I have a directory listing with many subdirectories having many files.
I want to recursively search for the oldest 5 files starting from the base directory and not 5 from each subdirectory.
I am writing a shell script which sorts them using
ls -lRtur|egrep "txt|jpg" > /tmp/file1
Now from this /tmp/file1 file I want to sort the files same as what the ls -ltr command does that is oldest file time to newest file time first.
How do I sort based on Linux time stamp?
The files itself also have Linux timestamps embedded in them
So I can sort based after extracting them as well if it is easier.
My /tmp/file1 has entries like below.
-rw-rw-r--. 1 usr1 usr1 705 2010-01-22 17:25 sample20100603173659.jpg

I want to get the 5 oldest files and then delete them.
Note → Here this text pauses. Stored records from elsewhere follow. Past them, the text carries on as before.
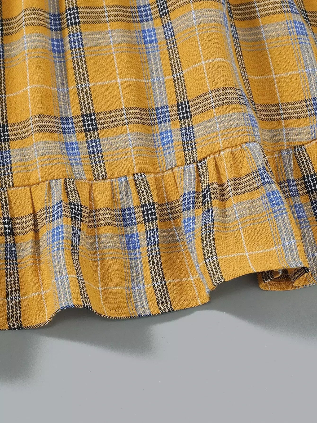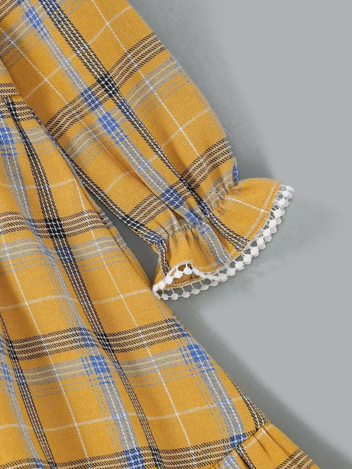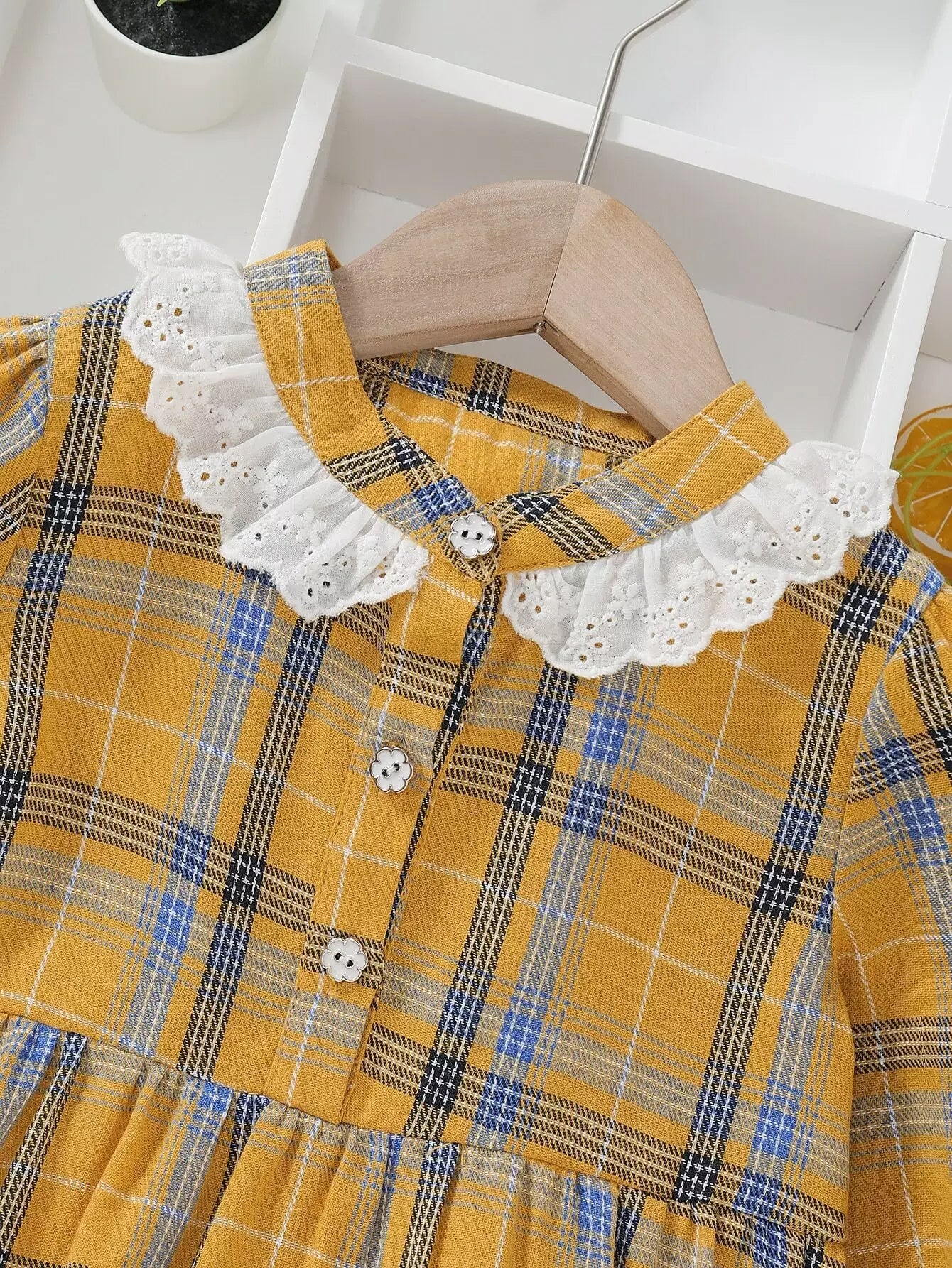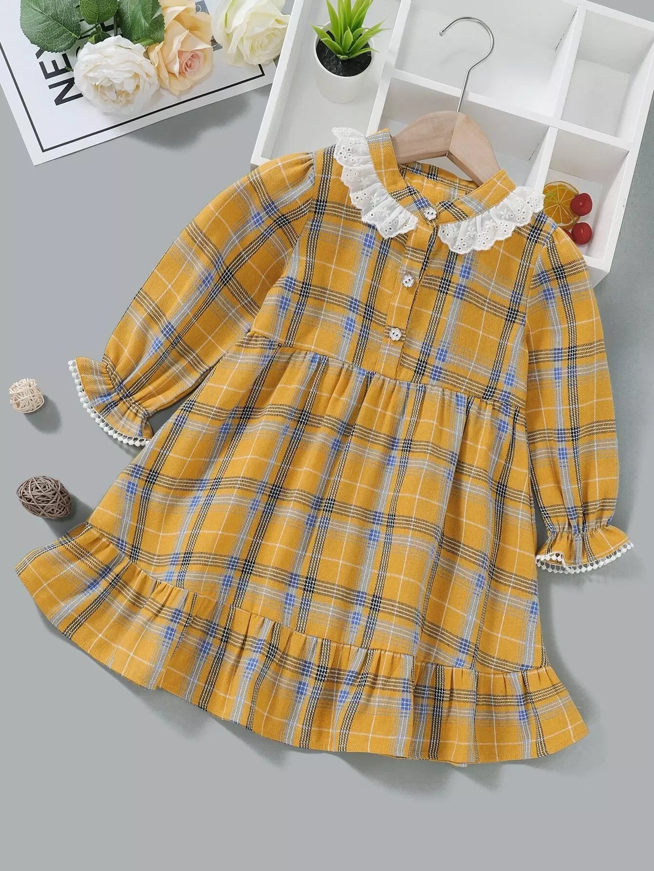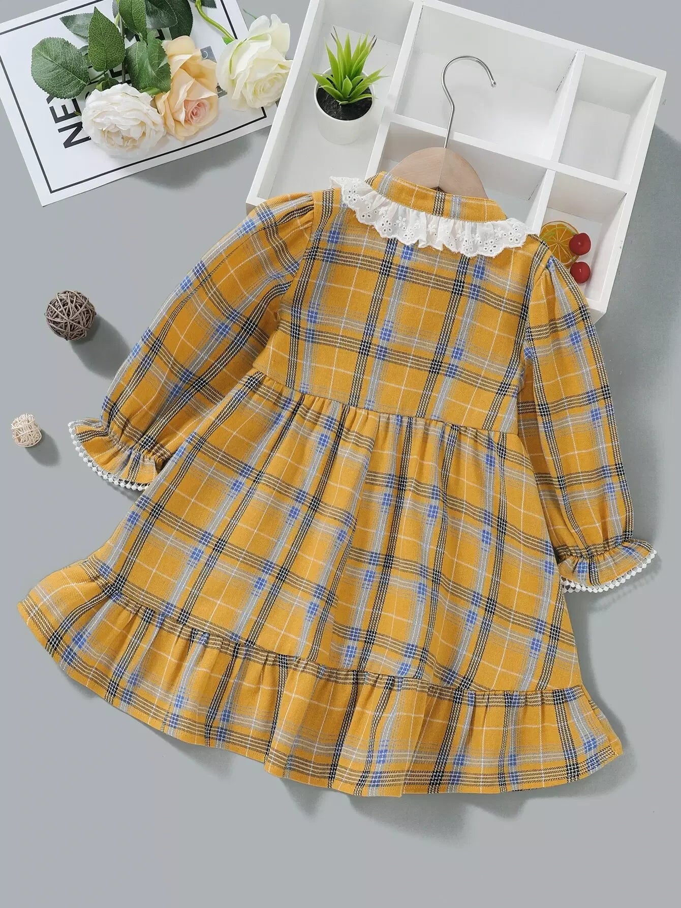 Toddler Girls Tartan Plaid Schiffy Trim Smock Dress
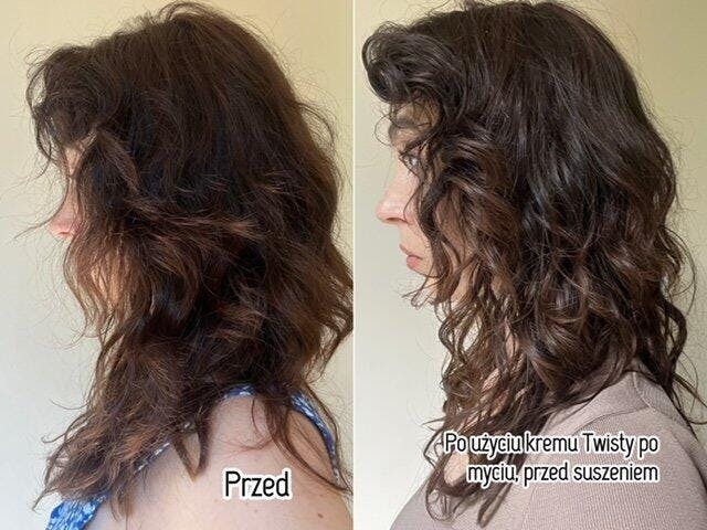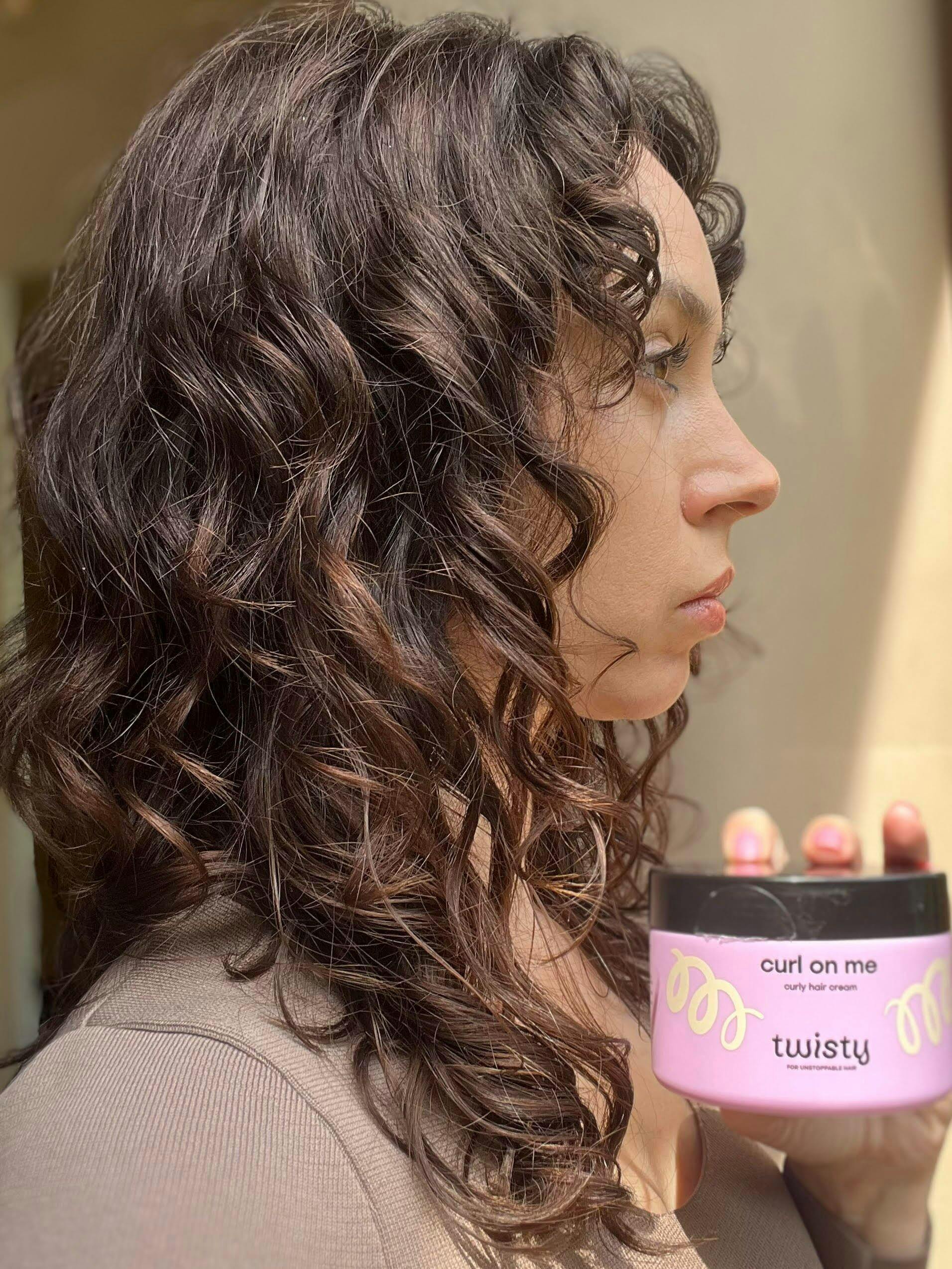 Verwenden Sie eine Lockencreme, die speziell für lockiges und welliges Haar entwickelt wurde, das zu Kräuseln neigt. Mit dem Auftragen der Creme ist die Pflegephase abgeschlossen und die Stylingphase beginnt – die richtige Menge Lockencreme hilft dabei, die natürliche Locke des Haares hervorzuheben. Twisty-Creme kann sogar für das Haar von Kindern ab 1 Jahr verwendet werden, das Produkt enthält 98 % natürliche Inhaltsstoffe.
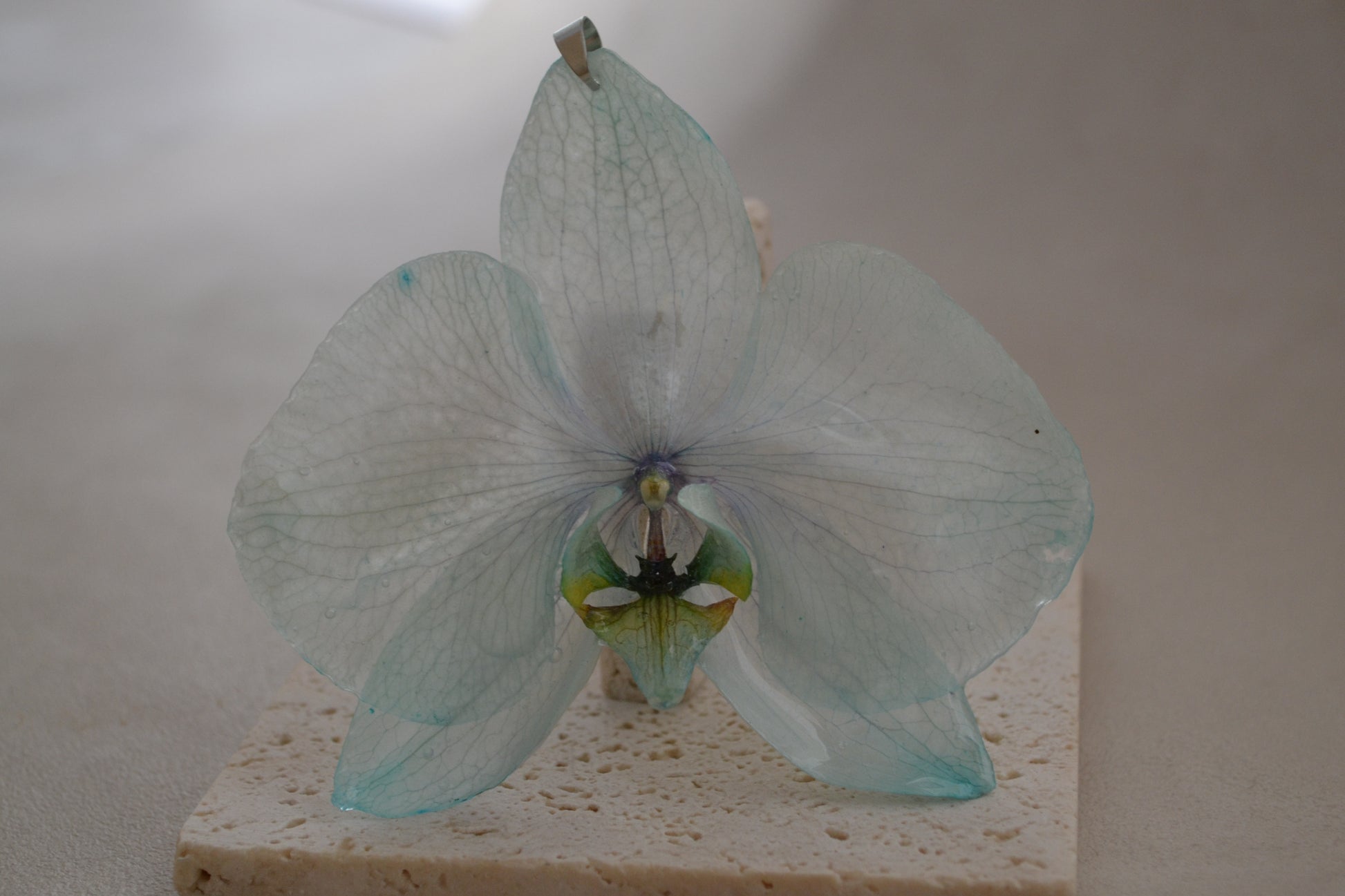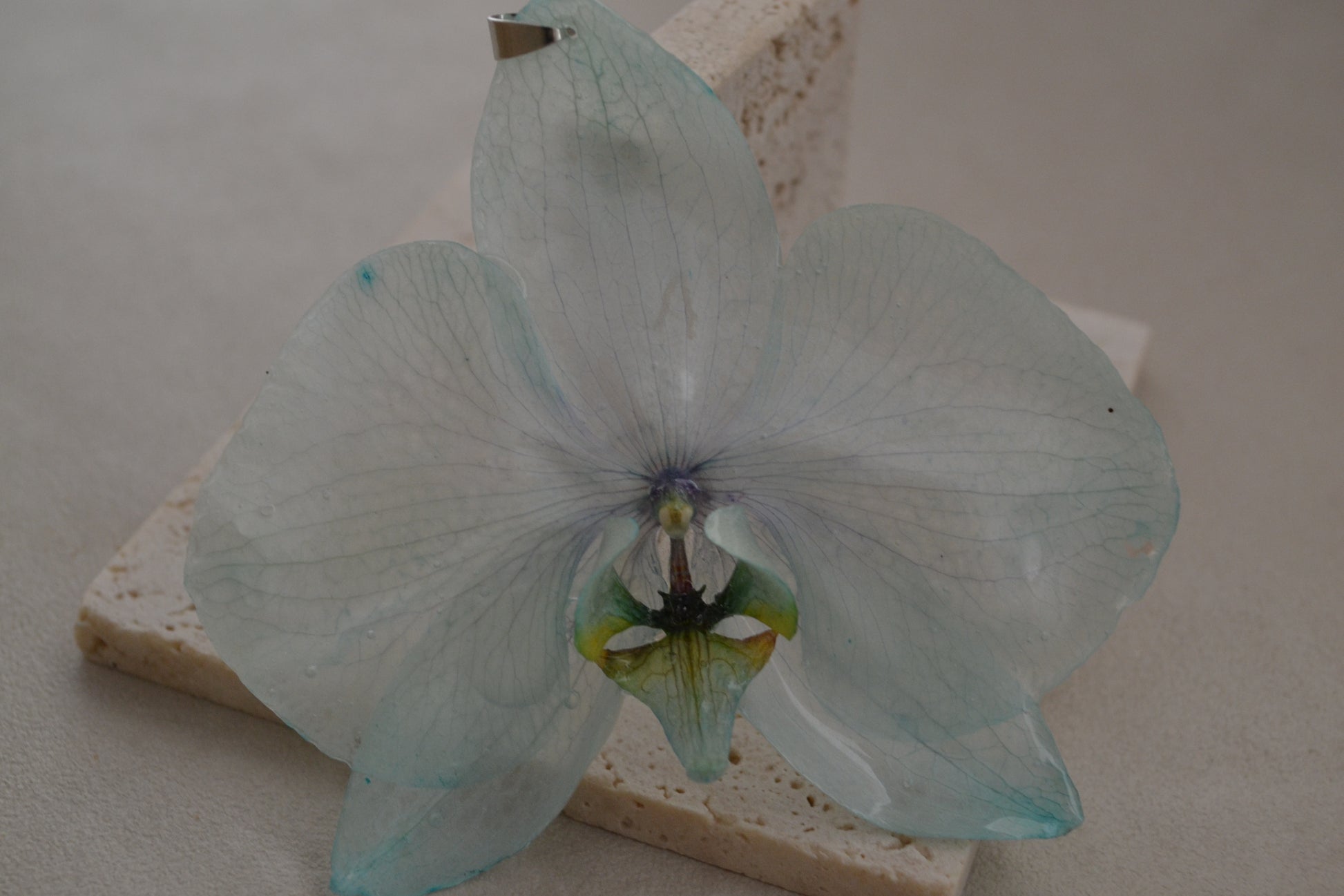- Componente piesă: orhidee naturală, rășină și pandantiv din oțel inoxidabil

This will get you the oldest 5 files:

find . -type f -print0| xargs -0 stat -t '%s' | awk '{ print $9 "\t" $16 }' | tr -d '"' | sort -n | tail -5|awk '{print $2}'

find . -type f : Show all the files below current directory that are not directories or links
-print0: each output is 'zero separated'
xargs -0 : pass each item of output from the left part as an arg to the right part, accepting the zero-sep output from find
stat -t '%s' : print the file info with times as seconds since unix epoch
awk ... : show the modify time and the file name, tab sep
tr -d : remove the extraneous double quotes
sort -n : sort in numeric order
tail -5 : show last 5 items
awk ... : show only the file name

find's -print0 and xargs -0 are used at least partly to avoid problems if the file names have spaces in them. Also, this format is slightly more efficient than the default.

You could mess around a bit more with stat -f to avoid the first awk, maybe. The second awk could be cut -f2 -d'\t' ... or you could use some non-tab sep in the first awk command or the stat -f command.

If there are a *lot* of these files, or you want to run this thing very often, then it will be well to worry about removing some of the awk which is slow, and pipes which are also slow.

Be sure that -t works for your version of stat ... and be sure that you actually have a stat command: Not all OSs provide it by default (though it is always available "somehow") As a Python programmer, I would use Python for this: You invoke the interpreter just once, so no pipe overhead, and the dates can be directly sorted.